用于产品 ID 管理的 Cassandra Design
我是 Cassandra 的新手,想要开始尝试一个简单的测试
我们使用传统 RDBMS 的数据模型如下
表公司(Id,名称)
表产品(Id,名称,公司 ID)其中公司 ID 是对公司表的 FK 引用
Table ProductInstance (Id, ProductID) 其中 ProductID 是对 Product 表的 FK 引用
Table ProductInstanceRating (Id, ProductInstanceID, Comment) 其中 ProductInstanceID 是对 ProductInstance 表的 FK 引用 关于
Cassandra 的设计方式有何建议?
更新:
我尝试从查询角度查看
要捕获的数据
1) 产品参考号是一个复合键,其中包含:产品名称、产品批号和客户 ID 产品名称:12456 产品批号:PQ23 客户 ID : 879456
那么唯一的产品参考将类似于 12456|PQ23|879456
2) 产品实例将是上述产品的每个实例的唯一哈希值集
,并且产品的每个实例将获得唯一的编号 784A、876T 等,并且该编号对于特定产品参考是唯一的
产品实例参考将类似于 12456|PQ23|879456|784A
3) 每个产品唯一编号可以接收超过 1 个评级
在这种情况下,查询将是类似
查询1) 为了添加/插入产品实例的评级; 获取产品的行,即 12456|PQ23|879456
查询2) 获取该行中的 ProductInstance ID(可能是列族的名称)
查询3) 将评级信息添加为列:值对
如果设计类似于
12456|PQ23|879456 {
784A{timestamp1:{rating:valueA
person name:valueX}
timestamp2:{rating:valueB
person name:valueY}}
876T{timestamp1:{rating:valueC
person name:valueX}
timestamp2:{rating:valueB
person name:valueY}}
}
此后,我们希望:
查询4) 获取所有有实例的产品
查询5) 获取所有具有评级的产品实例
查询6) 获取产品的最高评分
Query7) 获取产品的平均评分
是否有更好、更有效的方法来实现这一点?
I'm new to Cassandra and wanted to start up trying a simple test
Our Data model with traditional RDBMS is as follows
Table Company (Id, Name)
Table Product (Id, Name, Company ID) where Company ID is FK reference to Company table
Table ProductInstance (Id, ProductID) where ProductID is FK reference to Product table
Table ProductInstanceRating (Id, ProductInstanceID, Comment) where ProductInstanceID is FK reference to ProductInstance table
Any suggestions on how the design should be with Cassandra ?
Update:
I tried to look from the querying perspective
Data to be captured
1) Product Reference is a composite key consisting of : Product Name, Product Lot Number, AND Customer ID
Product Name : 12456
Product Lot Number : PQ23
Customer ID : 879456
Then unique Product reference will be something like 12456|PQ23|879456
2) Product Instance will be unique set of hash numbers for every instance of the aforementioned Product
AND each instance of the product will get a unique number
784A, 876T ,etc and this number will be unique for a particular Product Reference
Product Instance reference will be something like 12456|PQ23|879456|784A
3) Each Product Unique number can receive more than 1 rating
In that case, the queries will be something like
Query1) In order to add/insert rating for a Product Instance;
Fetch Row for Product i.e 12456|PQ23|879456
Query2) Fetch the ProductInstance ID within this row (maybe name of column family)

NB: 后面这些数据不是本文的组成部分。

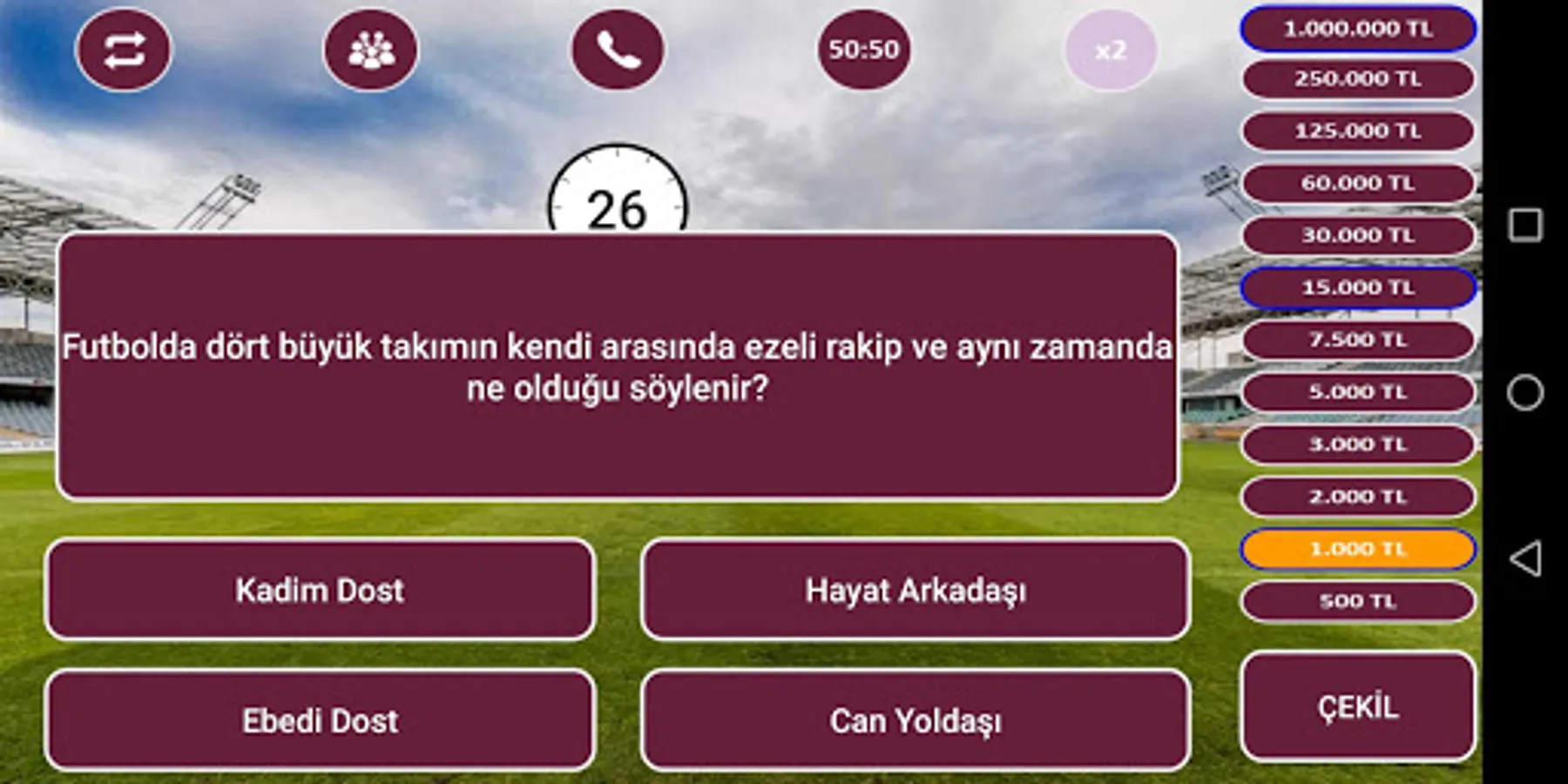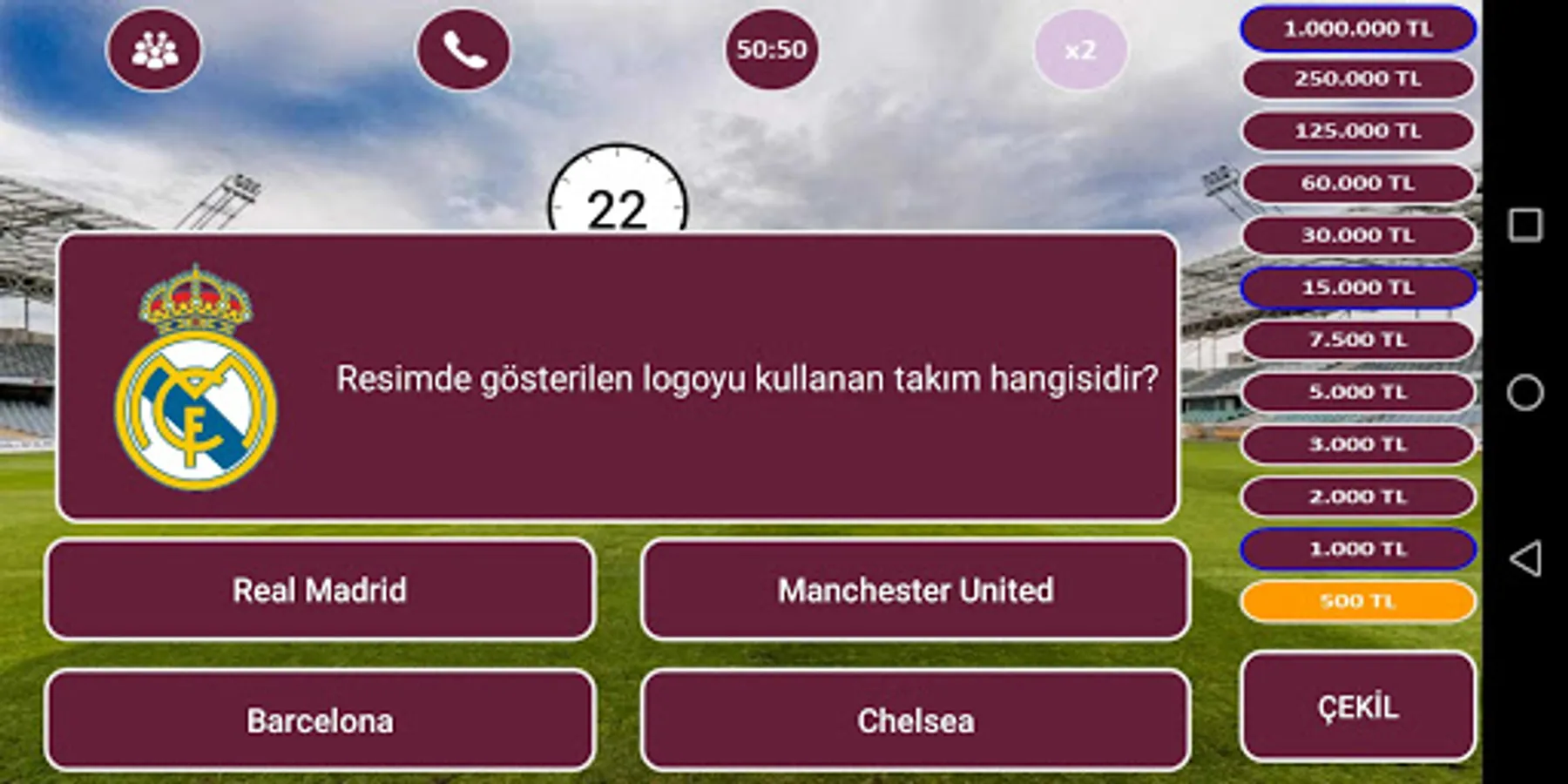 In the world's most comprehensive and high quality Football Quiz, you get 12 questions selected from easy to difficult. There are 1,000 questions in the second question and 15.000 TL in the 7th question. If you answer the question incorrectly in the competition, you will be rewarded for the last dam question. When you withdraw from the competition, you will receive the prize for the last question you answered.

Query3) Add the rating information as a column:value pair
Should the design be something like
12456|PQ23|879456 {
784A{timestamp1:{rating:valueA
person name:valueX}
timestamp2:{rating:valueB
person name:valueY}}
876T{timestamp1:{rating:valueC
person name:valueX}
timestamp2:{rating:valueB
person name:valueY}}
}
Thereafter, we would want to:
Query4) fetch all products that have instances
Query5) fetch all product instance that have ratings
Query6) fetch highest rating for product
Query7) fetch average rating for product
Is there a better and more efficient way to implement this ?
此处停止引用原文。